Humphries became an outcast and while a few Canadian athletes supported her, they only did so behind the scenes.

“Does it hurt? Yes. I wish more could have been a little brave, but I get it,” she said.

She takes “some credit” for the current chorus of voices speaking out against BCS.

“If I hadn’t stood up, I don’t think they would either,” she said.

Humphries raced to gold in Beijing in the monobob, a new Olympic event added after Humphries and American Elana Meyers Taylor fiercely defended the inclusion of a second race for women.

It was Humphries’ third Olympic title.

But after the 2018 Pyeongchang Games, his mental and physical health deteriorated following accusations of harassment against coach Todd Hays. The complaint also cited Storey and Le Bihan, for their lack of support.

She suffered from rashes. Just thinking about sports caused panic attacks.

“I didn’t recognize myself…I wasn’t motivated to leave the house,” she said.

There were times when she wondered if it would be easier to just return to the Canadian team.

“But I thought, can I even do that? And the answer every time was no. Physically, am I going to get hurt? Mentally, am I going to get to the point where I “Have suicidal thoughts? I’m already depressed, and I knew that every path to Team Canada was very negative in this current environment, with this leadership.”

Mental health issues, Humphries pointed out, are a “valid fear” in board sports.

“I have someone else’s life in my hands,” she added. “And if you’re not all there in our sport, you can get in there and not only kill yourself but other people.”

Humphries’ battle with BCS is ongoing. In 2021, the Sport Dispute Resolution Center of Canada ordered a new investigation after deciding the first was “neither thorough nor reasonable”.

Regardless of the outcome, Humphries said she couldn’t be hurt anymore by the Canadian program. She is grateful to the American team who supported her although there is no guarantee that she will even be able to compete in Beijing, nor any guarantee that she will still be four years from now for the 2026 Games – although let that be his plan.

“The one thing that’s consistent about Kaillie is that she’s a fighter,” said Humphries marketing agent Russell Reimer, president of Manifesto Sport Management. “That’s the source of his power, and I would even say his superpower.”

“I don’t think people understand how hard it is to have lasting success as long as she did in the brutality of bobsledding. It’s remarkable. If you don’t have that deep passion , you just can’t sustain yourself.”

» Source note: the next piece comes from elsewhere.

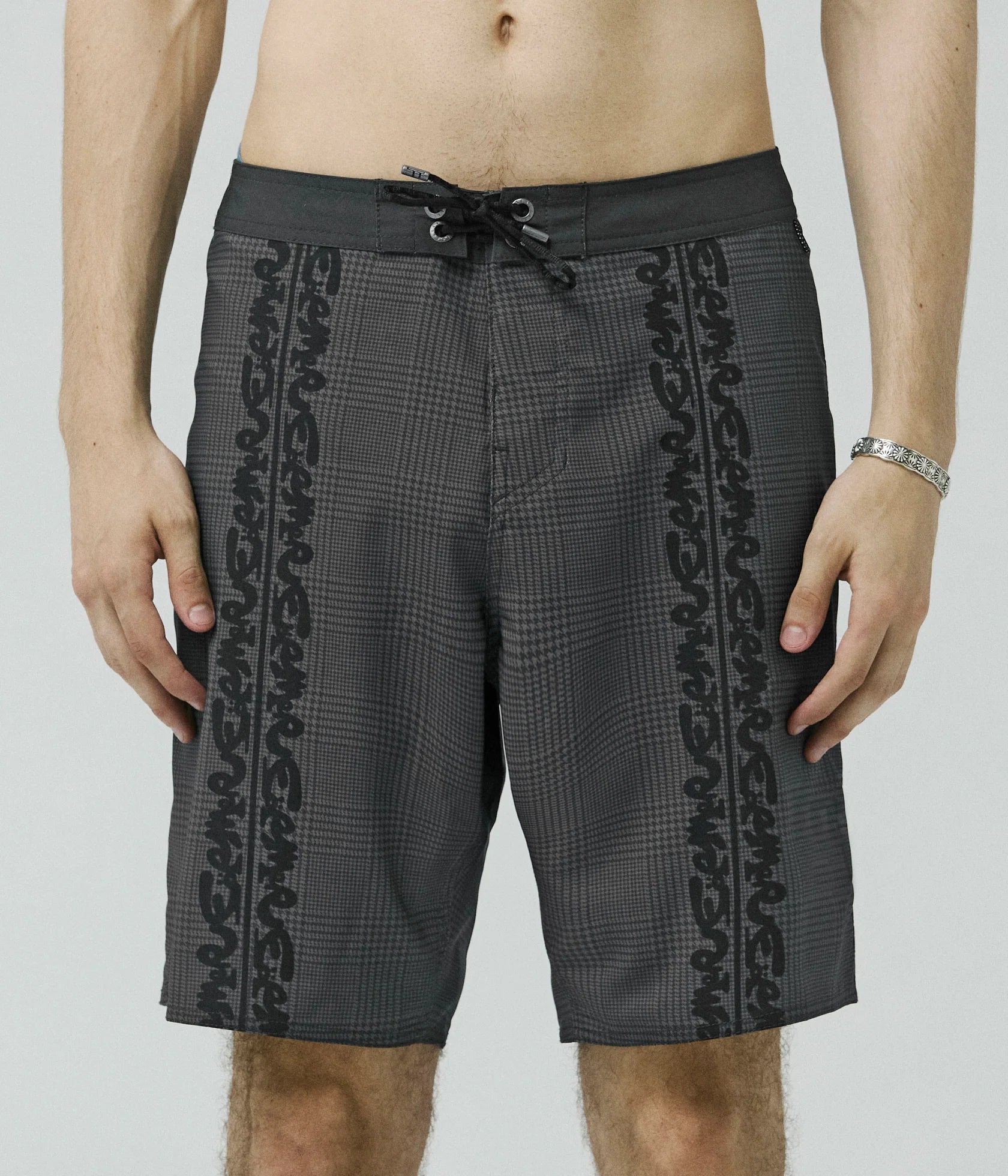Constructed from a premium polyester-elastane blend (93% polyester 7% elastane) 4-way stretch fabric. Delivered in our Anderson 18.5" trunk fit. Featuring sublimated yardage print with screenprint front graphic, invisible concealed coil zip with Legacy woven zip puller, elastic key loop, and fixed waist.

Humphries expects there will still be battles as she has big goals. One of them is a prize money for the monobob on the international circuit (there is currently none).

But she said she was a braver, stronger woman for her fight with BCS, and hopes the documentary will help people understand her decision to compete for the United States, and why it was so triumphant to ride. on the podium, wearing the stars and stripes.

She also hopes it gives voice to other athletes.

“Maybe it’s a bit of a survival guide, maybe it’s a bit of a step-by-step,” she said. “So also why I want to do this is for an empowerment piece for others.

Moore and Vinay Virmani, co-founder of The Good Karma Company, opted for the scripted rights to a movie.